Minimization

The training (also known as learning or optimisation phase) of neural networks is carried out in most cases using some variant of the gradient descent method, such as back-propagation or stochastic gradient descent. In these methods, the determination of the fit parameters (namely the weights and thresholds of the NN) requires the evaluation of the gradients of \chi^2, that is,

(1)   \begin{equation*} \frac{\partial \chi^2}{\partial w_{ij}^{(l)}} \,\mbox{,} \quad \frac{\partial \chi^2}{\partial \theta_{i}^{(l)}} \,\mbox{.} \end{equation*}

Computing these gradients in the NNPDF case would be quite involved due to the non-linear relation between the fitted experimental data and the input PDFs, which proceeds through convolutions both with the DGLAP evolution kernels and the hard-scattering partonic cross-sections as encoded into the optimised APFELgrid fast interpolation strategy.

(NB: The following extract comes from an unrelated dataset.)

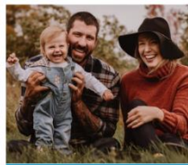
Volet Création d'entreprise - Commerce La ferme Pure Alternative Inc.

The theory prediction for a collider cross-section in terms of the NN parameters reads

(2)   \begin{equation*} \sigma^{\rm \small (th)}\lp \{ \omega,\theta\}\rp = \widehat{\sigma}_{ij}(Q^2)\otimes \Gamma_{ij,kl} (Q^2,Q_0^2) \otimes q_k\lp Q_0,\{ \omega,\theta\} \rp \otimes q_l \lp Q_0 ,\{ \omega,\theta\}\rp \end{equation*}

where \otimes indicates a convolution over x, \widehat{\sigma}_{ij} and \Gamma_{ij,kl} stand for the hard-scattering cross-sections and the DGLAP evolution kernels respectively, and sum over repeated flavour indices is understood.

In the APFELgrid approach, this cross-section can be expressed in a much compact way as

(3)   \begin{equation*} \sigma^{\rm \small (th)}\lp \{ \omega,\theta\}\rp = \sum_{i,j=1}^{n_f}\sum_{a,b=1}^{n_x}{\tt FK}_{k,ij,ab} \cdot q_i\lp x_a,Q_0, \{ \omega,\theta\}\rp \cdot q_j\lp x_b,Q_0, \{ \omega,\theta\}\rp \,, \end{equation*}

where now all perturbative information is pre-computed and stored in the {\tt FK}_{k,ij,ab} interpolation tables, and a,b run over a grid in x.

The convoluted relation between \sigma^{(\rm th)} and the NN parameters in Eq.~(3) is what makes the implementation of gradient descent methods challenging.

In the proton NNPDF global analysis, both in the polarised and the unpolarised case, the NN training is carried out instead by means Genetic Algorithms (GAs). GAs are based on a combination of deterministic and stochastic ingredients which make them particularly useful to explore complex parameter spaced without getting stuck in local minima, and which do not require the knowledge of the \chi^2 gradients in Eq.~(1) but only of its local values.

In the figure above we display a schematic representation of how the CMA-ES algorithm works in a toy scenario, showing how it manages to approach the global minimum while at the same time stochastically sampling the region around it. Starting from a random population of solutions far from the minimum (white region), the spread (variance) of the population increases while at the same time the average (center) solution moves closer to the minimum. As the number of generations increases, the average solution remains close to the minimum but now the variance has been reduced significantly, indicating that the algorithm has converged.